President Ma Ying-jeou (馬英九) yesterday vowed to rid the nation of corruption at a ceremony marking the establishment of the Agency Against Corruption (AAC), while the opposition cast doubt on the neutrality of the new agency.
“After the Supreme Prosecutors’ Office Special Investigation Panel [SIP] revealed a serious scandal involving several Taiwan High Court judges, I decided to establish the nation’s first anti-corruption agency,” Ma told the ceremony.
The purpose of the AAC is to prevent corruption, because prevention should precede crackdowns, he said, adding that its creation should deter public servants from engaging in corrupt activities.
“As the agency investigates corruption cases, one precondition is that it must collect sufficient evidence [of corruption] before it makes an indictment [of a public servant],” Ma said, adding that this should increase the conviction rate.
Ma said public servants who find themselves under criminal investigation would see their reputation severely jeopardized. Their families would feel the impact, spouses would not want to go to work and children would be afraid to go to school, Ma said, adding that because of this, the agency must be careful and precise in how it conducts investigations.
In the early days of Transparency International, a non--governmental organization that publishes a global ranking of countries based on their level of corruption each year, Taiwan ranked No. 25, Ma said.

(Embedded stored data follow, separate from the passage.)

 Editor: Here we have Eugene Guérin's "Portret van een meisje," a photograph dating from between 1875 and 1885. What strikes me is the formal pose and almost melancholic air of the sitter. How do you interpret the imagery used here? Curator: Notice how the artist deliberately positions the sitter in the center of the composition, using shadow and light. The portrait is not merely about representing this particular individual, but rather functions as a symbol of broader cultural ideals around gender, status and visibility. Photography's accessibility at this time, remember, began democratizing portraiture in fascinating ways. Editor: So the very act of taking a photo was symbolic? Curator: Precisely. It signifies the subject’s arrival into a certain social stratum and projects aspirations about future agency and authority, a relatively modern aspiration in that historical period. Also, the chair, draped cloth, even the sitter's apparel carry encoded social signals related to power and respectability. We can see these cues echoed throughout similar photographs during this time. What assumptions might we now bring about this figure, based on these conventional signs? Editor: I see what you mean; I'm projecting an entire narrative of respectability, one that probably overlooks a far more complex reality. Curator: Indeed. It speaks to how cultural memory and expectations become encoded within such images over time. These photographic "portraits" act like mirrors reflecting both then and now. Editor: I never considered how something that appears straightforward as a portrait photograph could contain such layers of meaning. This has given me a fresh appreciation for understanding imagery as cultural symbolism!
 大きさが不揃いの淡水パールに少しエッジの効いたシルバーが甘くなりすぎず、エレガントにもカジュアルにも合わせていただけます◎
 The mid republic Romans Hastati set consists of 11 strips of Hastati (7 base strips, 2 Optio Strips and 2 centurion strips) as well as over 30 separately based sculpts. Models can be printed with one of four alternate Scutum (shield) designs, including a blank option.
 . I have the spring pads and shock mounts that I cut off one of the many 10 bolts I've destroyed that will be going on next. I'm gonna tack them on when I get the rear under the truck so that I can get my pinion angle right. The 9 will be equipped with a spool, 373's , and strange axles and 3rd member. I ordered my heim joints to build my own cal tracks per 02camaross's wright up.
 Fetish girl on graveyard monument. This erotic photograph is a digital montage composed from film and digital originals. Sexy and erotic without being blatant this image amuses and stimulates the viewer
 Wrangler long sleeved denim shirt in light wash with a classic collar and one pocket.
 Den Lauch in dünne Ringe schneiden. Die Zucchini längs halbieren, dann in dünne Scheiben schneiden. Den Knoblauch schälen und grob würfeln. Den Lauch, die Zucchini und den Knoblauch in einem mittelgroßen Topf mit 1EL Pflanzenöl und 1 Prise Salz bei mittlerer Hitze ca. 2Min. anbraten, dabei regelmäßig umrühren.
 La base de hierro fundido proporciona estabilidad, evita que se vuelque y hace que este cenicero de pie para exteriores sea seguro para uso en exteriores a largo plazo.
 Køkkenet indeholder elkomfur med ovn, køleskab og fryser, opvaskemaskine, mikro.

Photo: George Tsorng, Taipei Times
“Taiwan’s worst ranking was 39th place, but it has improved to 33rd place,” Ma said. “I have found that the top 10 countries in the ranking are all well-developed and highly competitive — and integrity is tantamount to competition.”
Turning to criticism that the AAC, which falls under the Ministry of Justice, does not have the power to carry out investigations against senior government bureaus and their officials and that it should have been made part of the Presidential Office or the Executive Yuan, as is the case in Singapore and Hong Kong, Ma said those fears were the result of a misunderstanding.
“Taiwanese prosecutors are only law enforcement officers who conduct criminal prosecution,” Ma said. “The AAC is headed by a number of prosecutors, so no matter where the agency is located or its level of authority, prosecutors can bring the cases to court without political pressure.”
The agency will investigate -corruption-related crimes and supervise the ethics divisions of various government agencies.
The AAC will be headquartered in Taipei and will have three branches in Taipei, Greater Taichung and Greater Kaohsiung, with a total staff of 240 people.
The Democratic Progressive Party (DPP) caucus yesterday said it feared the new agency could represent a “second wind for the SIP, which has become a tool for the current administration to carry out political oppression.”
“We want to know whether the agency is for real, so the DPP has collected information on 10 [potential] corruption cases involving President Ma, who served as Taipei mayor in [some of] the cases, as well as Taipei Mayor Hau Lung-bin (郝龍斌),” DPP Legislator Tsai Huang-liang (蔡煌瑯) said.
In one case implicating Ma, Tsai said that during his first term as Chinese Nationalist Party (KMT) chairman in 2005, Ma sold the Broadcasting Corp of China (中國廣播公司), China Television Co (中國電視公司) and Central Motion Picture Corp (中央電影公司) — all ill-gotten KMT assets — at a very low price.
Ma was also suspected of illegally rezoning land for the National Development Institute when he was Taipei mayor, as the party was in the process of selling KMT-owned property, Tsai said.